Spin Orientation and Spin Precession in Inversion-Asymmetric Quasi Two-Dimensional Electron Systems

TL;DR

This paper investigates how inversion asymmetry affects spin orientation and precession in quasi-2D electron systems, revealing dependence on crystallographic direction and wave vector, with implications for spintronic device control.

Contribution

It provides a detailed analysis of spin orientation and effective magnetic fields in quasi-2D systems using a comprehensive 8x8 Kane model, considering both bulk and structure inversion asymmetry.

Findings

Spin orientation depends on crystallographic direction.

Effective magnetic field varies with in-plane wave vector.

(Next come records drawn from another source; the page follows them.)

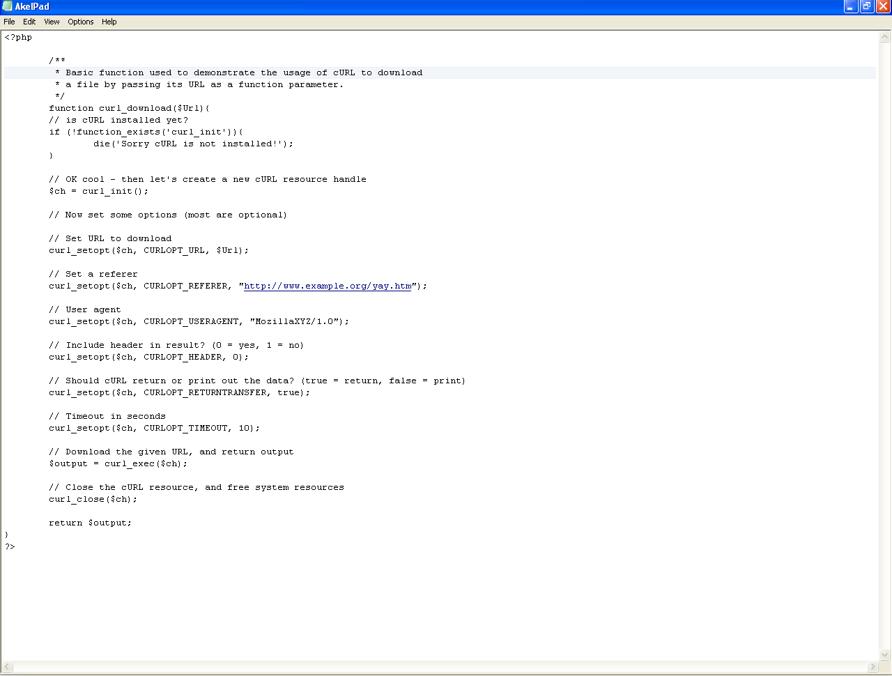 Screenshot for AkelPad text editor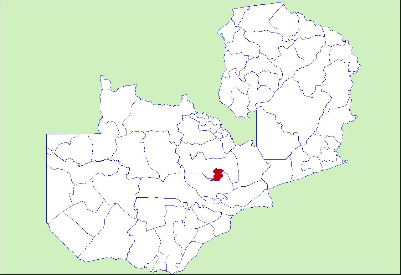 District locator in Zambia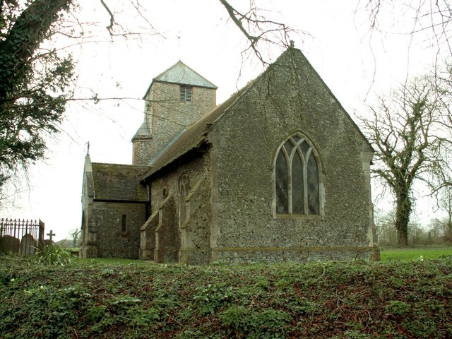 St Peter's parish church, Athelington, Suffolk, seen from the east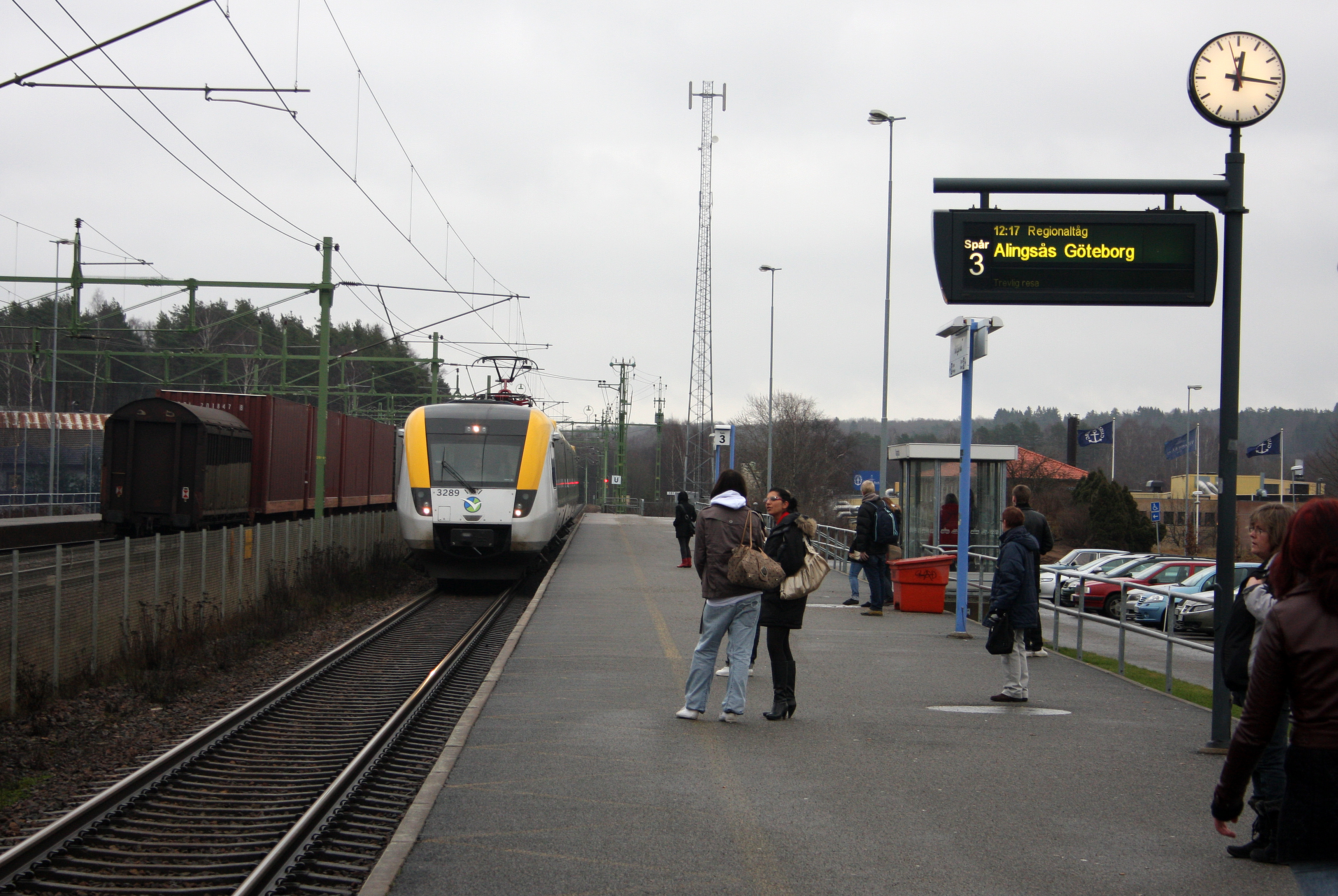 Regional Västtrafik train arriving in Vårgårda, Sweden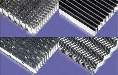 This photo shows the different types of fin structure for plate fin heat exchangers.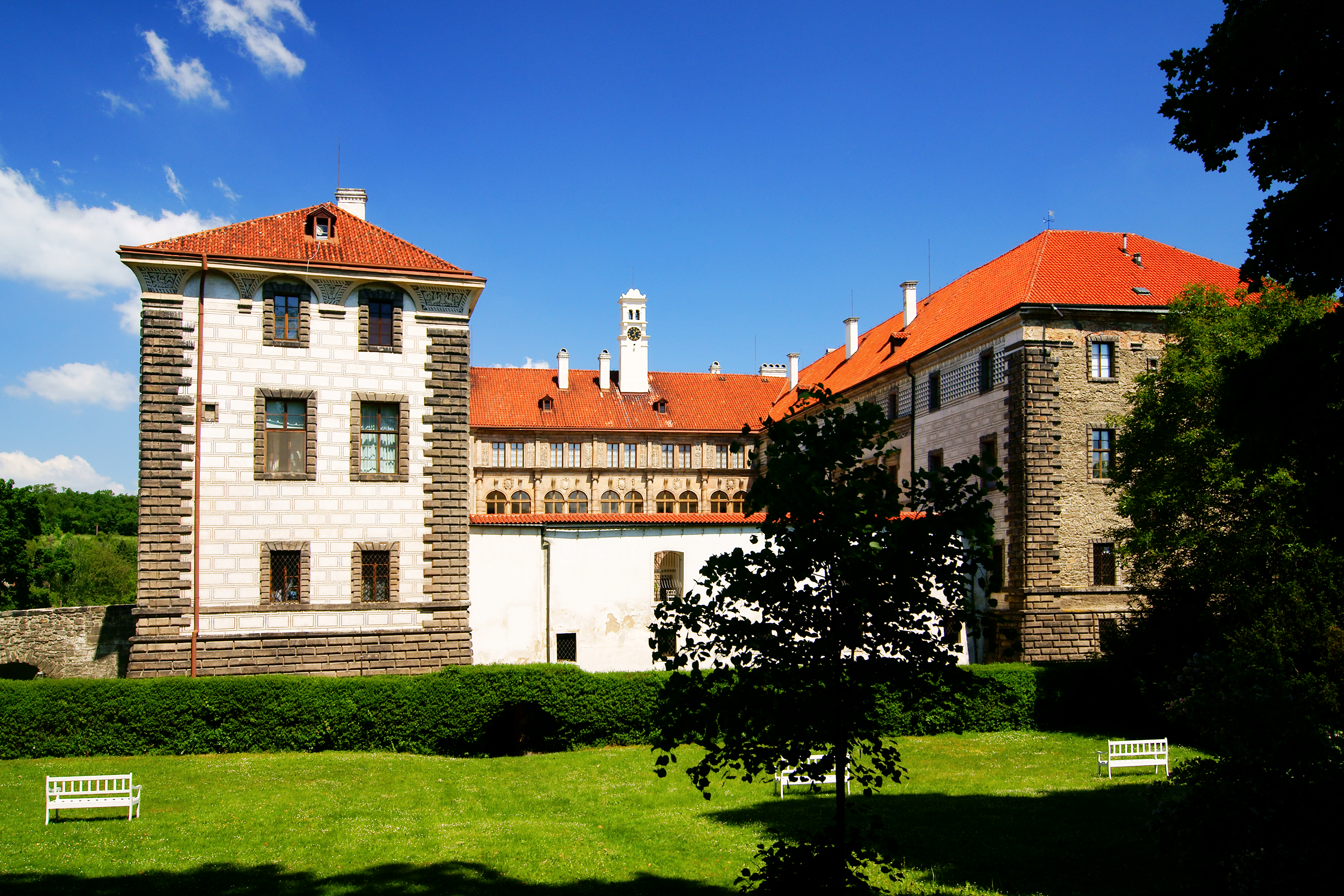 Nelahozeves (Czech republic), castle.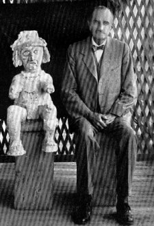 Thomas Gann with stucco idol he found at Tulum, 1920s.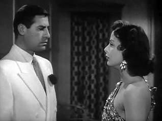 Cropped screenshot of John Hodiak and Hedy Lamarr from the film A Lady Without Passport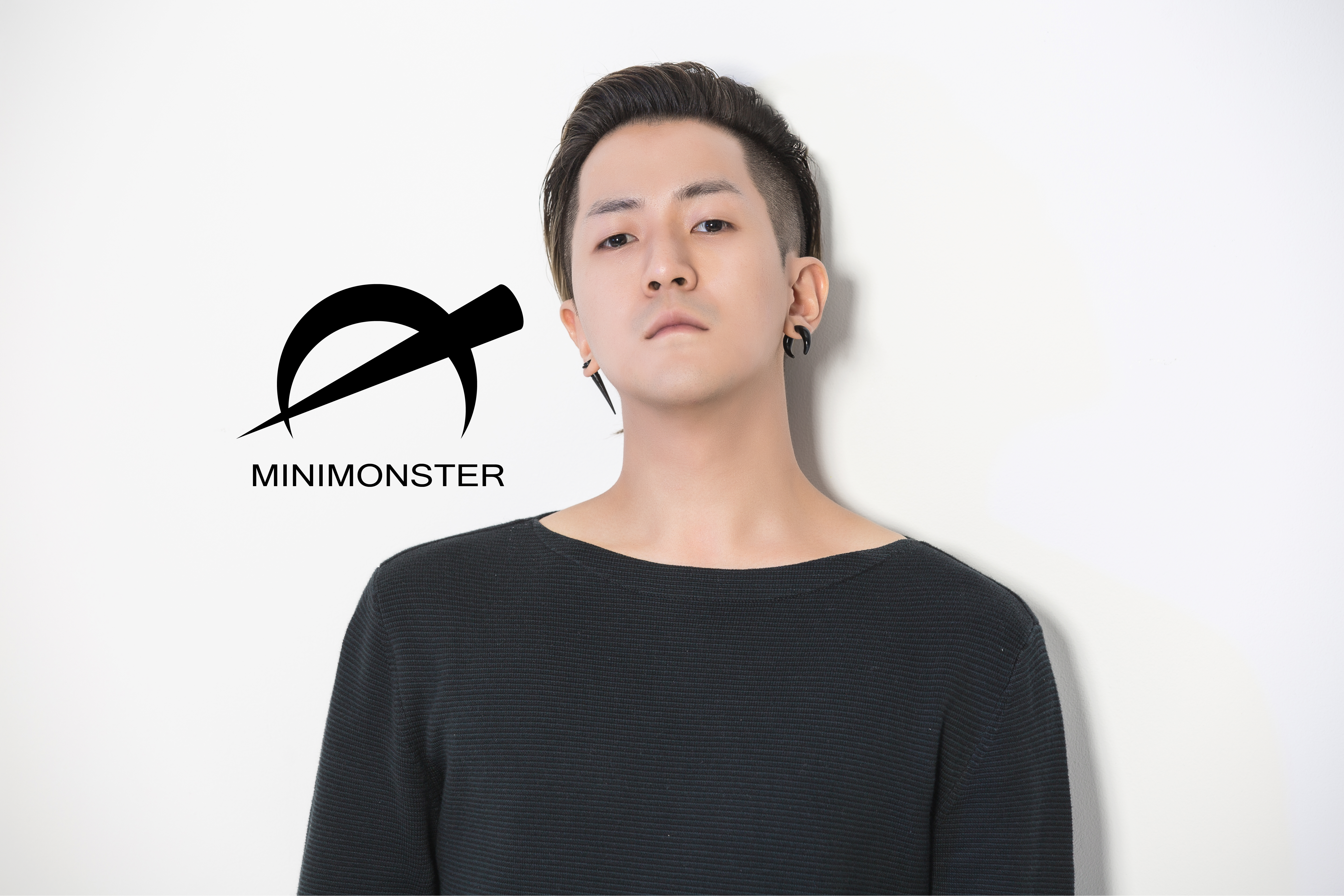 MINIMONSTER

Results applicable to GaInAs-InP quantum wells.

Abstract

Inversion asymmetry induced spin splitting of the electron states in quasi two-dimensional (2D) systems can be attributed to an effective magnetic field B which varies in magnitude and orientation as a function of the in-plane wave vector k||. Using a realistic 8x8 Kane model that fully takes into account spin splitting because of both bulk inversion asymmetry and structure inversion asymmetry we investigate the spin orientation and the effective field B for different configurations of a quasi 2D electron system. It is shown that these quantities depend sensitively on the crystallographic direction in which the quasi 2D system was grown as well as on the magnitude and orientation of the in-plane wave vector k||. These results are used to discuss how spin-polarized electrons can precess in the field B(k||). As a specific example we consider GaInAs-InP quantum wells.